Thomas Tuchel was in his element when Chelsea smashed Juventus 4-0 on Tuesday. Forced to improvise after losing Kai Havertz to a hamstring injury, Tuchel seized the chance to think outside the box, his tactical mind whirring as he looked at his options in attack and decided that the best way to hurt Matthijs de Ligt and Leonardo Bonucci was essentially to give them nobody to mark.
It was a night for the little guys. There was an unfamiliar central role for Christian Pulisic, who made up for his lack of impact in possession by contributing in other areas, his energy off the ball a feature of Chelsea’s high press. There was a fine playmaking display from the slender Hakim Ziyech and on the left there was maturity and skill from Callum Hudson-Odoi, who made it 3-0 when he finished off a flowing move in the 58th minute.
This, it seemed, was Tuchelball in all its glory, the tempo relentless, the movement bewildering, the threats coming from all angles as the blue wave overwhelmed Juventus. Strikers? Who needs them?

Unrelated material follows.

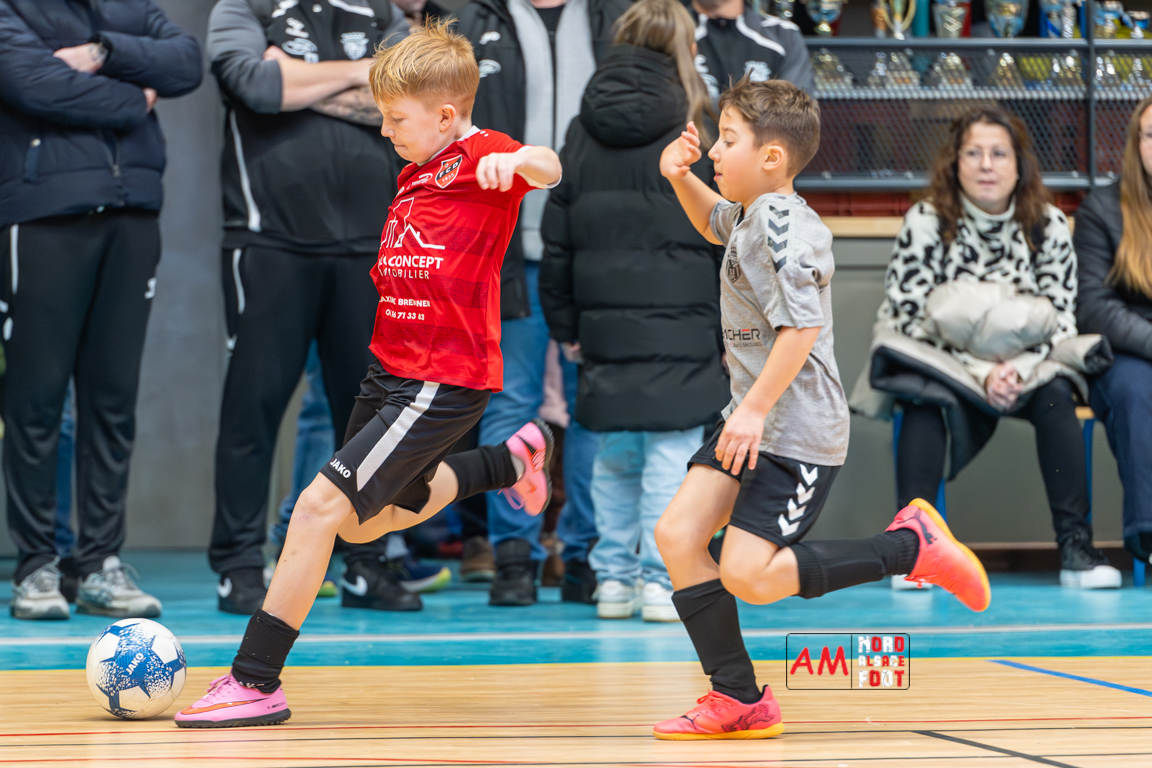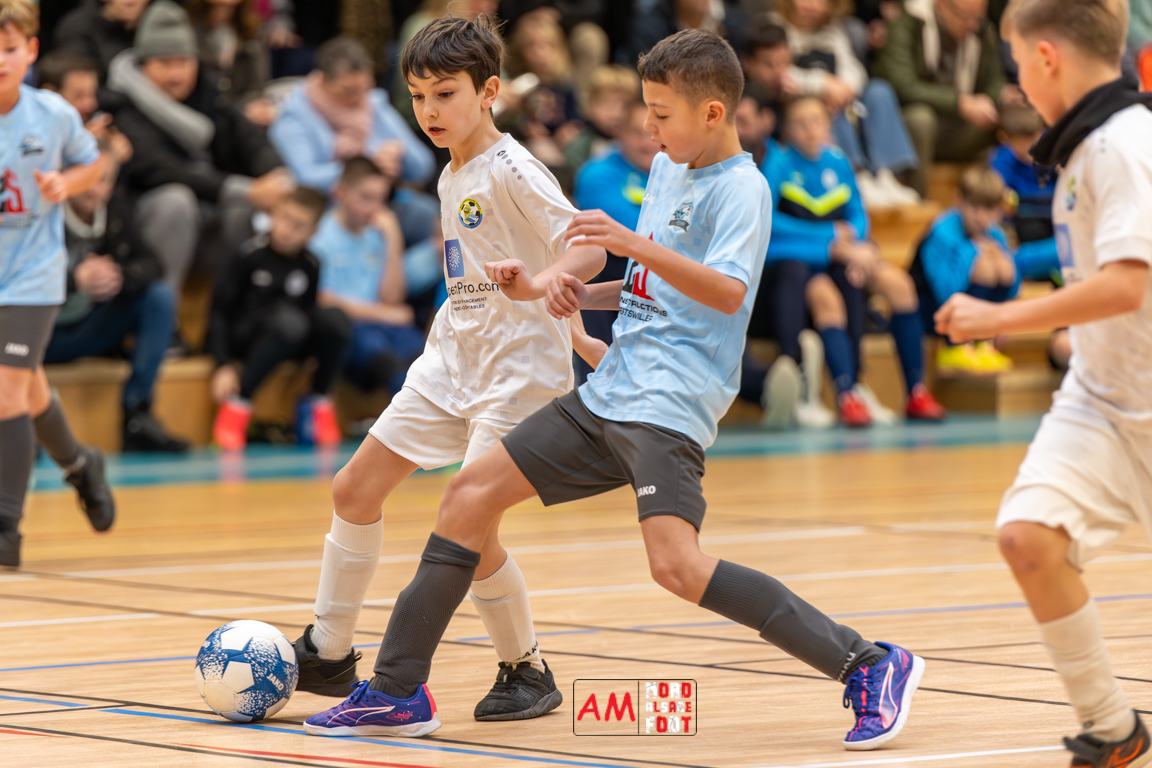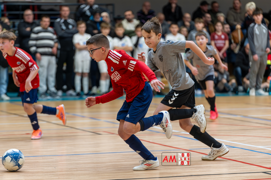 A l’occasion du premier tournoi en salle de la Jeunesse Sportive de l’Outre-Forêt, huit équipes de la catégorie U11 se sont donnés rendez-vous au gymnase du SIVOM de Soultz/s/Forêt afin de taper du ballon après plus d’un mois de trêve. Dans la Poule A on retrouvait la Jeunesse Sportive de l’Outre-Forêt 1, l’Alliance de la Basse Zorn, l’Alliance de la Haute Moder et la Jeunesse de l’UFFRIED (Rountzenheim). Dans la Poule B, on retrouvait la Jeunesse Sportive de l’Outre-Forêt 2, le FC Drusenheim, le FR Haguenau et l’Alliance des Vosges du Nord. Après un peu plus de trois heures et demi de débats, le FR Haguenau s’imposa en finale face à la Jeunesse de l’UFFRIED sur le plus petit des scores, la JSOF 1, le FC Drusenheim, l’Alliance des Vosges du Nord, l’Alliance de la Haute Moder, la JSOF 2 et l’Alliance de la Basse Zorn complétant ensuite le tableau dans l’ordre. Retrouvez, ci-dessous, quelques images de ce tournoi et, pour en apprécier le contenu, veuillez cliquer sur l’une d’entre elles pour afficher le diaporama.

Chelsea were fine without one against Juventus, just as they were when they demolished Leicester last weekend, and the quality of their football in the past week means that Tuchel does not have to shift gear against Manchester United on Sunday, even though Romelu Lukaku is available again and no doubt desperate to play against his old team.
The Lukaku issue is a fascinating one for Tuchel to solve. The striker’s recovery from the ankle injury he sustained against Malmö on 20 October is welcome, but he is not returning as a saviour. Lukaku, who is 28, was an unused substitute against Juventus and, given that Chelsea have responded to his injury by rattling in 23 goals in seven and a half games, Tuchel is under no pressure to start him against Unitedtomorrow.
There is no need to rush. Havertz is fit, Pulisic could start again, Mason Mount could return and Timo Werner scored after coming on against Juventus. Whichever way you spin it, the league leaders are in a luxurious position. The goals are flying in from every angle, with defenders stepping forward and the wing-backs playing more like No 10s.
The reliance on a No 9 is minimal. Reece James, the right wing-back, is Chelsea’s top scorer with five goals and Marcos Alonso will be an able deputy on the left for Ben Chilwell, who must wait six weeks before finding out whether he needs surgery after sustaining anterior cruciate ligament damage against Juventus.
Chilwell has been a key part of Chelsea’s versatile attacking. In total there have been 16 goals from defenders and, for the time being, the challenge for Lukaku simply has to be proving that he deserves to be the main man up front.
It has not been easy for the striker since his £97.5m move from Internazionale, although Tuchel is not panicking yet. He accepted that signing Lukaku would make Chelsea’s attack less mobile. Tuchel wanted more variety after winning the Champions League in counterpunching style last season and Lukaku, who had fired Inter to the Serie A title, seemed the perfect fit.
He arrived as the final piece in the jigsaw and scored four goals in his first four games. Since then, however, the doubts have grown. Lukaku had not scored in six games before facing Malmö and Chelsea had become a slightly static attacking force, the fluidity returning only once they were back to playing without a traditional target man.
There was more unpredictability with Havertz leading the line. The German’s height makes him a useful recipient of crosses, but he is also comfortable dropping deep and he is a better presser than Lukaku, who wants the ball to feet, to assert himself by pinning his marker before spinning or bringing others into play.
Chelsea are yet to tap into those strengths. Yet Tuchel is not worried. He loves Lukaku’s leadership and he can point out that Chelsea missed the 28-year-old’s ruthlessness when they chucked away two points against Burnley this month.
Perhaps patience is required. Lukaku can relax. He can bide his time before showing United that they were wrong to sell him.